I bought Dragon NaturallySpeaking Professional in 2019. It was $700. I justified it as a productivity investment. I used it for about three months before I stopped.
Not because it was bad. Because it was annoying.
Here is the honest comparison between Dragon and what I am using now.
The Dragon Experience
Dragon is impressive software. The accuracy on trained profiles is legitimately excellent — better than anything else available in 2019, and the desktop dictation market has not exactly exploded since then.
But the friction is real:
Training time. Dragon asks you to read passages for 10-30 minutes to build your voice profile. The more you train, the better it gets. That is fine for people who dictate hours per day. For occasional use, it is a tax that never feels worth it.
Process coupling. Dragon works best when it is deeply integrated — Dragon-aware apps, dictation commands, custom vocabulary. When you work across many apps (browser, Slack, VS Code, terminals), the experience is inconsistent. Some windows work great. Some do not.
The update cycle. Nuance (now Microsoft) sold Dragon as a perpetual license but charged for major version upgrades. Dragon Professional Individual 15 came out in 2020. If you wanted the improvements, that was another $300-400. The subscription version (Dragon Anywhere) is $15/month — $180/year — for a cloud product that still requires a desktop client.
CPU load. Dragon runs a language model continuously in the background. On older hardware, you feel it.
What Groq Whisper Costs
Groq's Whisper API pricing (as of 2026) is $0.02 per hour of audio transcribed.
Let that settle in.
If you dictate aggressively — say, 2 hours of actual speaking per workday, 5 days a week — that is $0.04/day, $0.20/week, roughly $10/year.
Most people dictate far less than that. A realistic number for someone using voice for Slack messages, quick notes, and occasional longer documents is probably 15-30 minutes of audio per day. That works out to about $1-2/month.

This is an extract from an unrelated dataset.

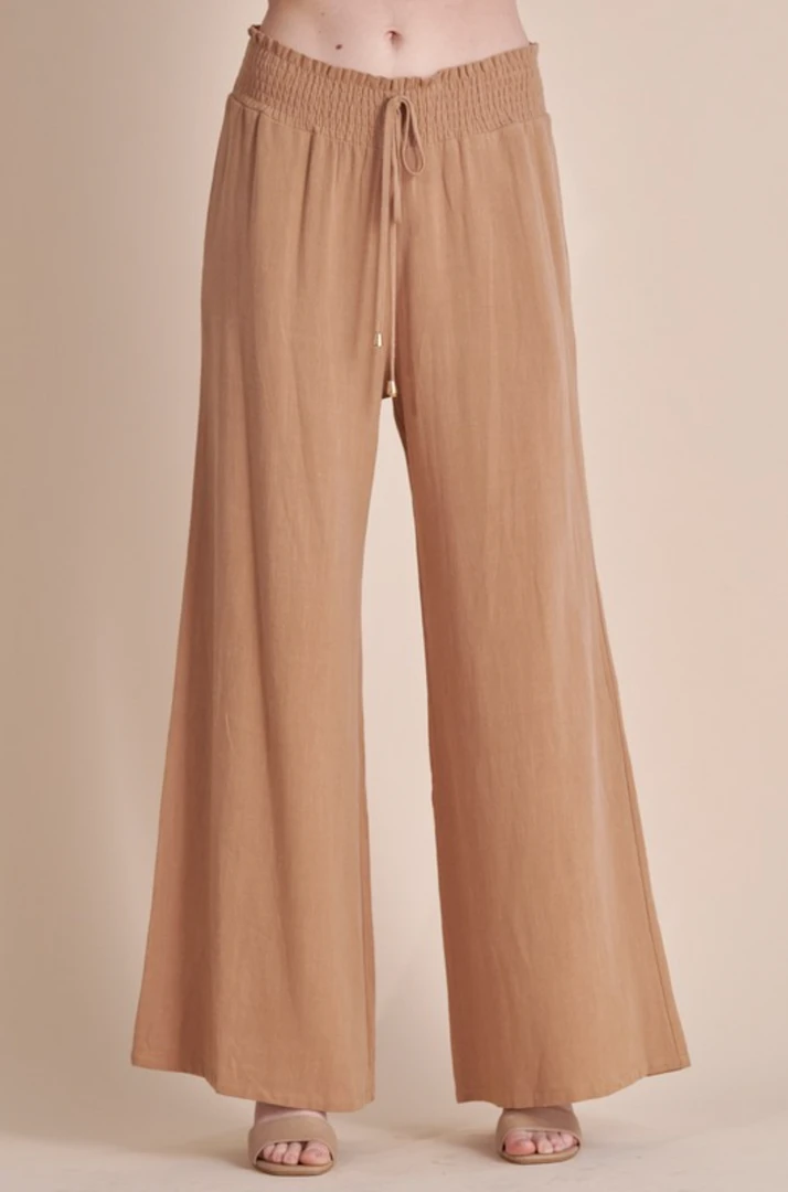 The Seaside Linen Pants are a must have for your next beach trip! The Seaside pants feature a high rise smocked waist with a drawstring and a flowy, wide leg silhouette. These pants are a super lightweight linen fabric – perfect for summer! We will be pairing the Seaside Linen Pants with the matching Seaside Linen Tank Top!Â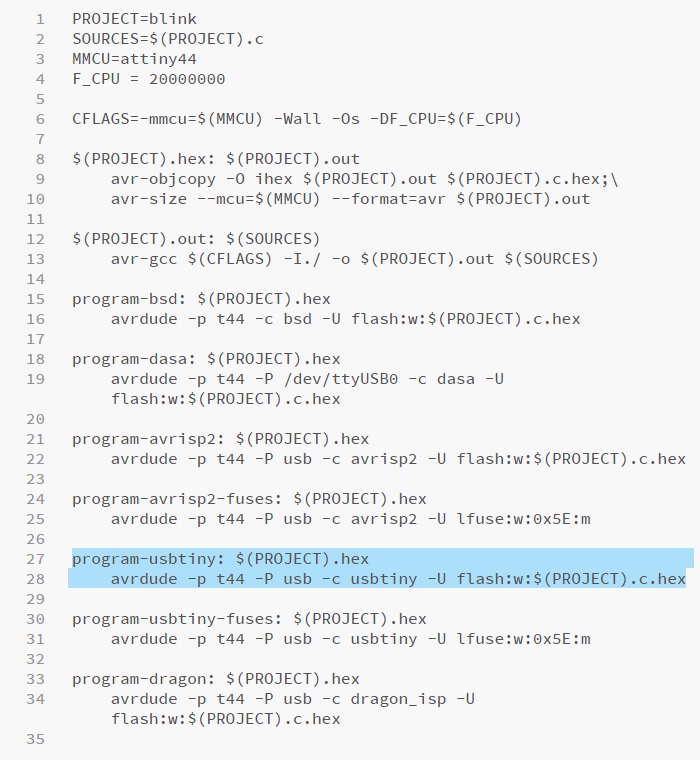 In the first four lines we can see the Name of the file to compile: blink; the Extension of the file to compile: .c ; the Microcontroller to program: attiny44; and Frequency of the board to program: 20000000

There is no subscription. No annual renewal. No upgrade required to access the current model. You pay per second of audio, you get the transcription, done.
Accuracy: Honest Numbers
Dragon (trained) vs Groq Whisper (zero training):
Everyday speech: Dragon wins by a small margin, maybe 1-2%. Both are in the high 90s. The difference is not meaningful in practice.
Technical terms: This surprised me. Whisper handles technical vocabulary well out of the box — API names, programming terms, product names. Dragon required adding custom vocabulary for anything unusual. Whisper seems to have absorbed enough technical text in training to handle most of what a developer or knowledge worker would say.
Names and proper nouns: Dragon wins here, especially after training. Whisper sometimes mishears uncommon names. This is the most noticeable accuracy gap.
Accents and speaking styles: Whisper is trained on a huge multilingual dataset. It handles non-native English speakers and regional accents noticeably better than Dragon did in my testing.
Punctuation: Both add punctuation automatically. Whisper's punctuation is slightly more erratic. Dragon's dictation commands ("period," "new line") give more control. Whisper does not take inline commands.
What You Lose
Being honest about the gaps:
- No voice commands. Dragon lets you say "select that" or "scratch that" or "new line." Whisper gives you text, nothing else.
- No continuous dictation mode. Dragon can run in always-listening mode. Whisper is push-to-talk.
- Slightly lower accuracy on proper nouns without training data.
- Latency of 0.5-1.5 seconds per utterance (network round trip). Dragon processes locally so latency is near-zero on good hardware.
What You Gain
- Zero setup. No training, no profiles, no installation of a 4GB application.
- Works on any machine. The app is small, the model lives in the cloud.
- Works across every application. Dictate into Slack, VS Code, terminals, browsers — anything with a text input.
- Costs almost nothing.
- No vendor lock-in to a perpetual license that may not be supported in future OS versions.
The Bottom Line
If you dictate for a living — medical transcription, legal work, all-day heavy use — Dragon's accuracy and command system may still justify the price.
For everyone else: a Groq Whisper-powered app is faster to set up, cheaper to run, works everywhere, and is accurate enough that you will not notice the difference on a normal day.
The app I switched to is Dictate for Windows. It uses Groq Whisper under the hood, runs in the system tray, and gets out of the way. The hotkey is the whole interface.
I have not thought about Dragon since.